While Large Language Models (LLMs) have achieved remarkable performance, they remain vulnerable to jailbreak. The integration of Large Language Models (LLMs) with external tools via protocols such as the Model Context Protocol (MCP) introduces critical security vulnerabilities, including prompt injection, data exfiltration, and other threats. To counter these challenges, we propose MCP-GUARD, a robust, layered defense architecture designed for LLM-tool interactions. MCP-GUARD employs a three-stage detection pipeline that balances efficiency with accuracy: it progresses from lightweight static scanning for overt threats and a deep neural detector for semantic attacks, to our fine-tuned E5-based model which achieves 96.01\% accuracy in identifying adversarial prompts. Finally, an LLM arbitrator synthesizes these signals to deliver the final decision. To enable rigorous training and evaluation, we introduce MCP-ATTACKBENCH, a comprehensive benchmark comprising 70,448 samples augmented by GPT-4. This benchmark simulates diverse real-world attack vectors that circumvent conventional defenses in the MCP paradigm, thereby laying a solid foundation for future research on securing LLM-tool ecosystems.
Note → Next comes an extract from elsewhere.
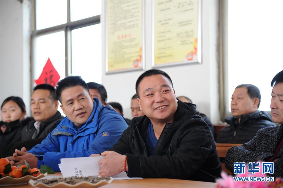 在臨沭縣大官莊村村民茶話會(huì)現(xiàn)場(chǎng),歸鄉(xiāng)人員介紹自己未來(lái)的返鄉(xiāng)創(chuàng)業(yè)思路(2月7日攝)。新華社記者 袁軍寶 攝
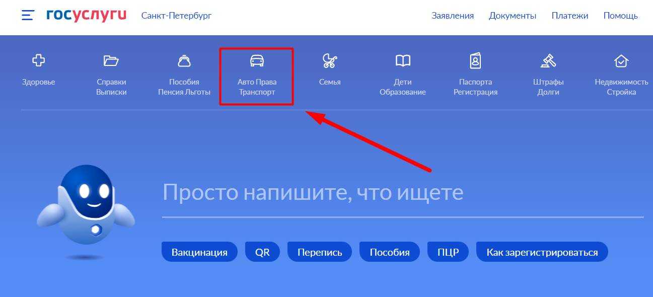 На главной странице выбрать раздел «Авто Права Транспорт»:

翻译：尽管大型语言模型（LLM）已取得显著性能，其仍易受越狱攻击。大型语言模型（LLM）通过模型上下文协议（MCP）等协议与外部工具集成，引入了关键安全漏洞，包括提示注入、数据窃取及其他威胁。为应对这些挑战，我们提出了MCP-GUARD——一个专为LLM-工具交互设计的鲁棒分层防御架构。MCP-GUARD采用三阶段检测流水线，在效率与准确性间取得平衡：从针对显性威胁的轻量级静态扫描，到针对语义攻击的深度神经检测器，最终通过我们微调的基于E5的模型（其识别对抗性提示的准确率达96.01%）完成检测。最终，LLM仲裁器综合这些信号作出最终决策。为支持严格的训练与评估，我们构建了MCP-ATTACKBENCH综合基准数据集，该数据集包含经GPT-4增强的70,448个样本，模拟了MCP范式中规避传统防御的多样化现实攻击向量，从而为未来保护LLM-工具生态系统的研究奠定了坚实基础。